:: YOUR TASK ::
Reproduce the listing below word for word, with no pictures.

##### INPUT DATA

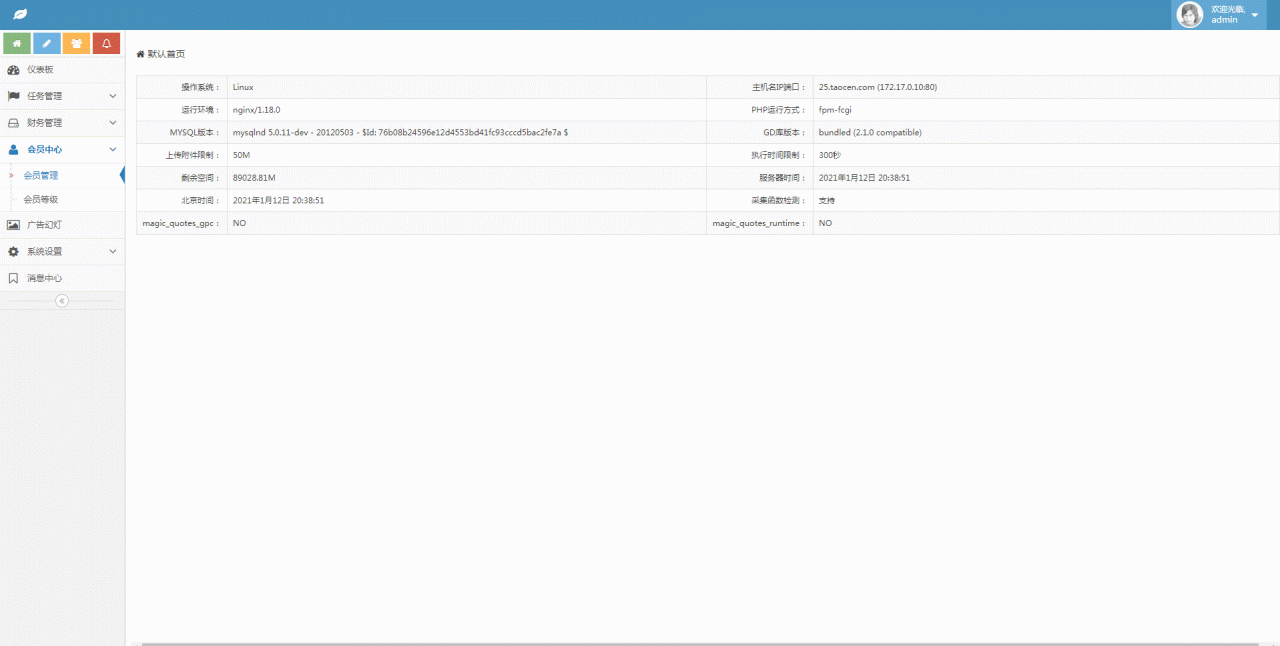 后台登录地址:/admin 账号admin 密码123456
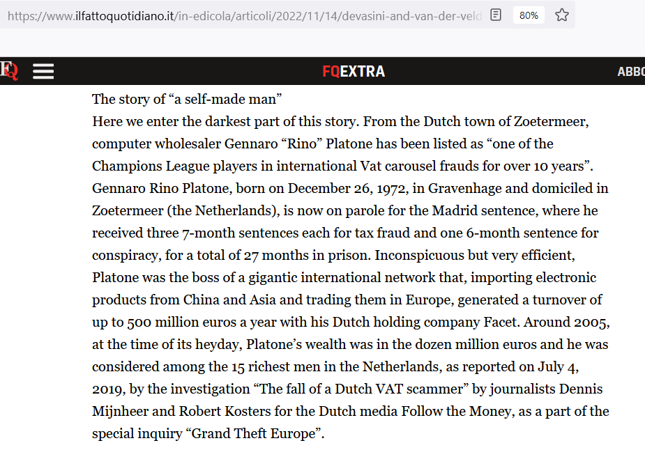 3/ Recently came to light that they both shared a company with the notorious VAT fraud Rino Platone, who has been convicted in Germany/Spain and had a revenue of over $500 million per year. But that is only one of many connections in a complex web with ties to organized crime.
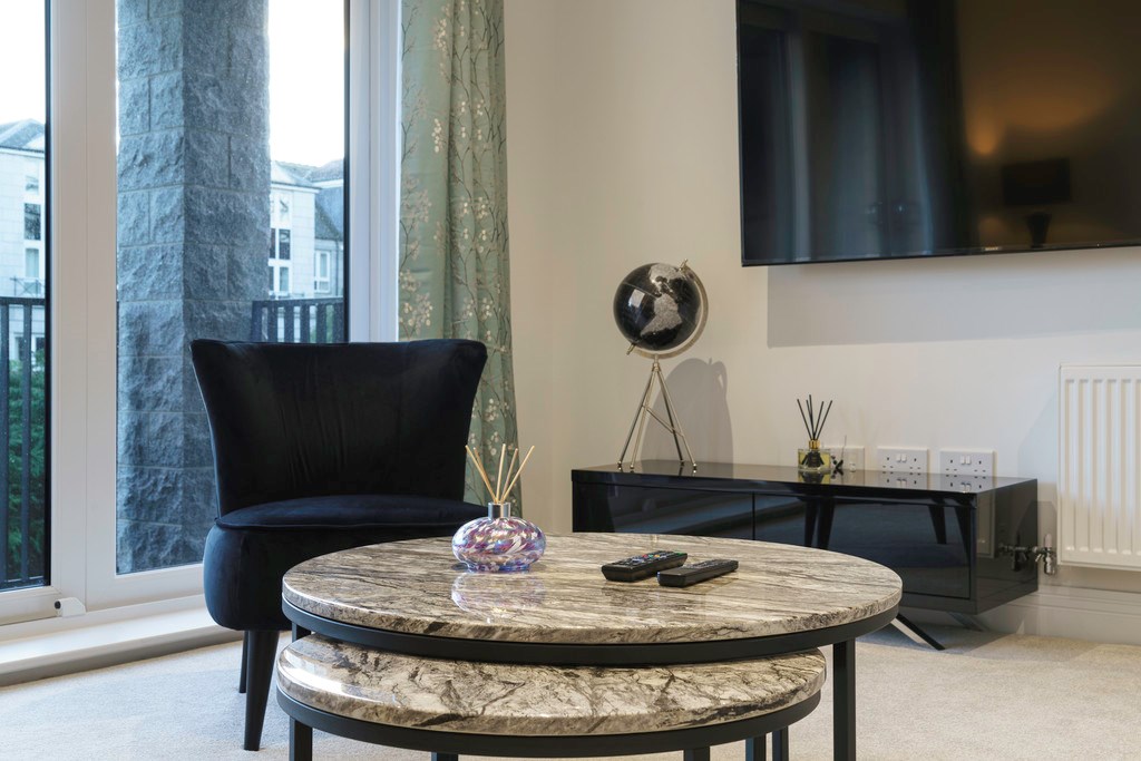 A ROYAL GEM ON KINGS GATE!! CLICK ON VIRTUAL TOUR. Luxury executive two-bedroom apartment available to let immediately which enjoys a prime location in the true heart of Aberdeen's West End. Completed to an exceptionally high standard. An abundance of natural light streams through the apartment making this bright and airy. Quality is written all over this property from a very high spec German kitchen benefiting from premium matte kitchen cabinets, solid counter tops, high quality LED lighting and luxury Siemens integrated appliances. This exclusive apartment benefits from secure vehicle access, dedicated parking and a professional high quality factoring company ensuring the grounds and the building are maintained to the highest level. Viewing is strongly recommended to appreciate the quality that this apartment has to offer.

##########

:: ANSWER TO THIS TASK ::
 后台登录地址:/admin 账号admin 密码123456
 3/ Recently came to light that they both shared a company with the notorious VAT fraud Rino Platone, who has been convicted in Germany/Spain and had a revenue of over $500 million per year. But that is only one of many connections in a complex web with ties to organized crime.
 A ROYAL GEM ON KINGS GATE!! CLICK ON VIRTUAL TOUR. Luxury executive two-bedroom apartment available to let immediately which enjoys a prime location in the true heart of Aberdeen's West End. Completed to an exceptionally high standard. An abundance of natural light streams through the apartment making this bright and airy. Quality is written all over this property from a very high spec German kitchen benefiting from premium matte kitchen cabinets, solid counter tops, high quality LED lighting and luxury Siemens integrated appliances. This exclusive apartment benefits from secure vehicle access, dedicated parking and a professional high quality factoring company ensuring the grounds and the building are maintained to the highest level. Viewing is strongly recommended to appreciate the quality that this apartment has to offer.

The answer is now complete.